LEXICAL_INDEX = build_lexical_index_from_summaries("./summaries")

# Keep a simple log of queries for your assignment submission
SEARCH_LOG: List[Dict[str, Any]] = []

In [24]:
SEARCH_LOG

[{'query': 'threats to capybara populations',
  'filter_url': None,
  'num_results': 5,
  'ts': 1760955641.6864622},
 {'query': 'threats to capybara populations',
  'filter_url': None,
  'num_results': 5,
  'ts': 1760956052.2308307},
 {'query': 'threats to capybara populations',
  'filter_url': None,
  'num_results': 5,
  'ts': 1760956092.121735}]

In [16]:
def search_corpus(query: str, filter_url: Optional[str] = None, num_results: int = 5):
    """
    Simple lexical search over ./summaries using minsearch.AppendableIndex.
    Always call this tool before answering questions about the summaries.
    """
    if not isinstance(query, str) or not query.strip():
        raise ValueError("query must be a non-empty string.")

    # record for your submission
    SEARCH_LOG.append({
        "query": query,
        "filter_url": filter_url,
        "num_results": num_results,
        "ts": time.time(),
    })

    filter_dict = {"url": filter_url} if filter_url else None
    results = LEXICAL_INDEX.search(query, filter_dict=filter_dict, num_results=num_results)
    return results  # list of dicts: each includes 'text', 'url', 'filename', etc.

In [22]:
# Specialized search Agent (one task only, simple instructions)
search_agent = Agent(
    name="search_agent",
    model="gpt-4o-mini",
    tools=[function_tool(search_corpus)],
    instructions=(
        "You answer questions ONLY by searching the local summaries corpus via the `search_corpus` tool.\n"
        "Process:\n"
        "1) Break the user's question into 1–3 concrete search queries.\n"
        "2) Call `search_corpus` for each query (optionally pass filter_url to narrow to a page).\n"
        "3) Read the returned snippets and synthesize a concise answer grounded in them.\n"
        "Rules:\n"
        "- Do not rely on prior knowledge; if nothing is found, say so and suggest indexing more docs.\n"
        "- When helpful, mention the source filenames/URLs from the results.\n"
        "- In your final message, include a 'Search queries used:' list showing the exact queries you issued."
    ),
)

runner = Runner()

# Your assignment question:
question = "What are threats to capybara populations?"
results = await runner.run(search_agent, input=question)
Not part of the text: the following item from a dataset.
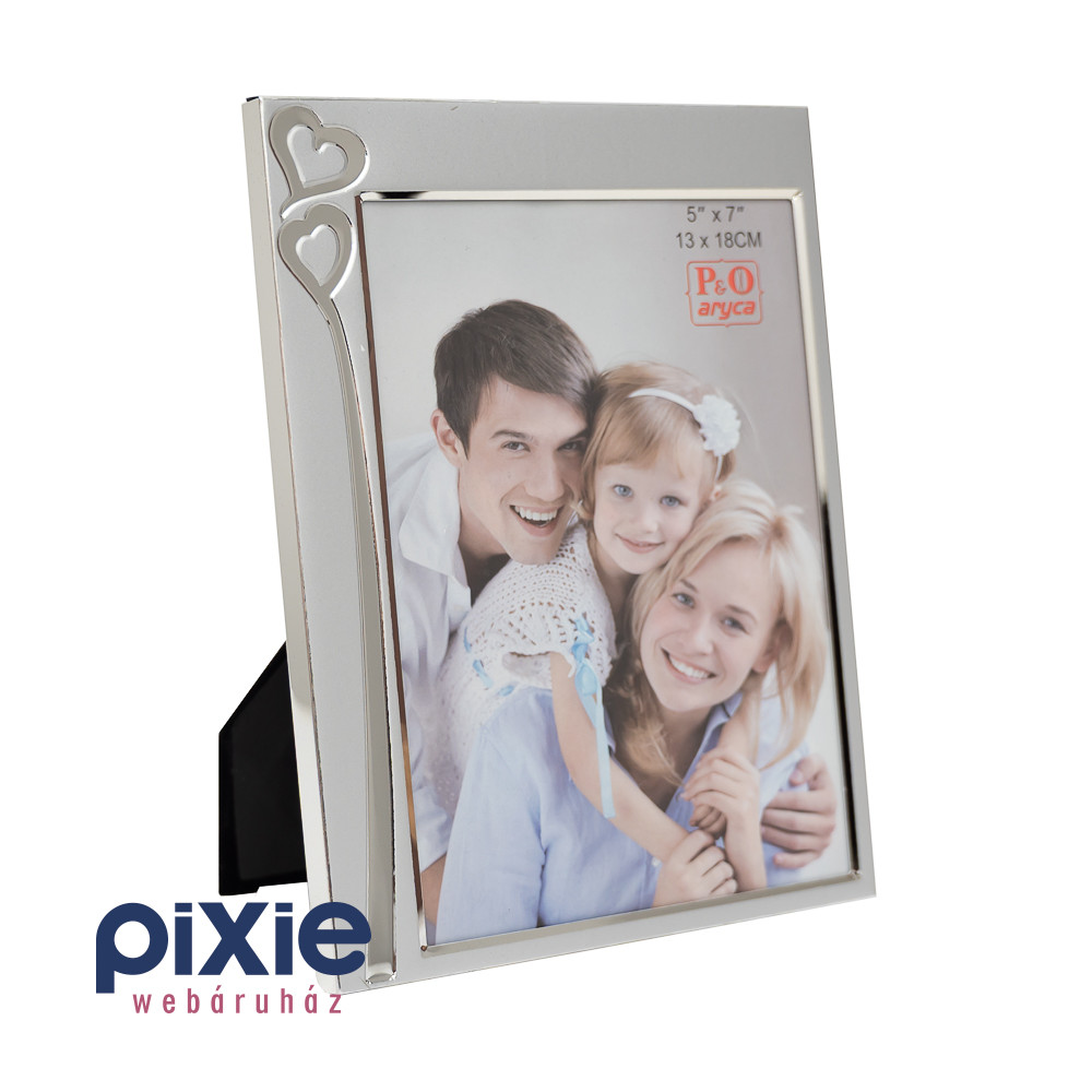 Szívekkel díszített ezüst színű fém képkeret – 13 x 18 cm-es fényképnek

print(results.final_output)

Capybara populations face several threats, including:

1. **Hunting**: Capybaras are hunted for their meat and skin, impacting their numbers.
2. **Habitat Destruction**: Their natural habitats, primarily near rivers, lakes, and marshes, are increasingly being destroyed for agricultural development and urban expansion.
3. **Urban Adaptation**: While they adapt well to urban areas, this can lead to conflicts with humans, further threatening their populations.

Despite these challenges, capybaras are not currently considered endangered. 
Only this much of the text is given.